Нет, он не пил и не принимал наркотики, конечно. Но ел, что хотел и когда хотел.
Последние пять лет стали для него эпохой похорон. Умерли не только те, кто был ему дорог (этих смерть выкосила чуть раньше – за единственным исключением), но уже и те, на кого было, по большому счету, наплевать, но кто был частью – периферийной частью – его мира.

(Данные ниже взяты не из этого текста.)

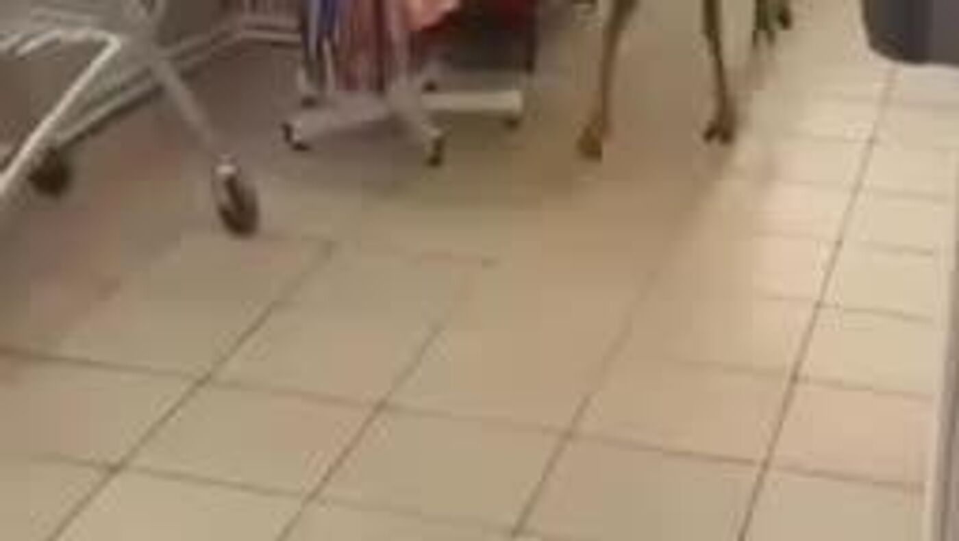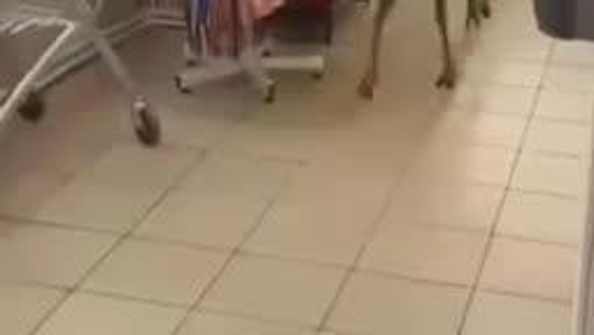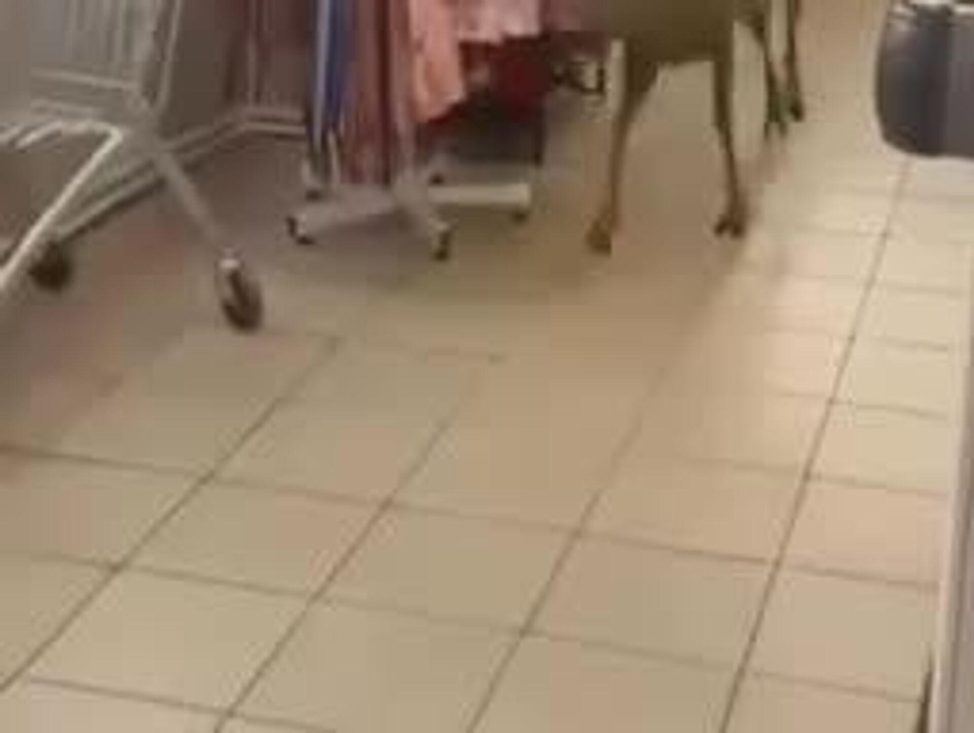 یک گوزن وحشی به طور تصادفی وارد یک فروشگاه مواد غذایی در منطقه کراسنودار روسیه شد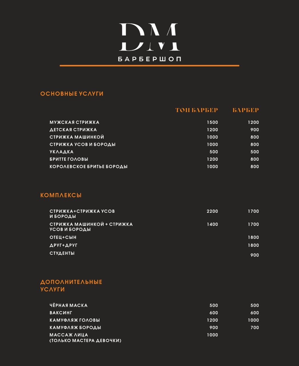 Скачать прайс-лист DM Barbershop на ноябрь 2025 года

Кто был неприятен и ненавистен, кто делал ему зло – умерли все до единого. Видимо те, у кого внутри яд, рано или поздно будут им отравлены сами. Но вот странное дело – даже их смерти оставляли в душе неприятный отпечаток потери. Теперь он уже не был способен на такие сильные чувства как гнев, и, оглядываясь назад, даже удивлялся: как он мог их испытывать? Из-за чего? Из-за обидного слова в личной беседе или с экрана, злой рецензии? Из-за денег? Уязвленной гордости? Все это стало пустым и далеким.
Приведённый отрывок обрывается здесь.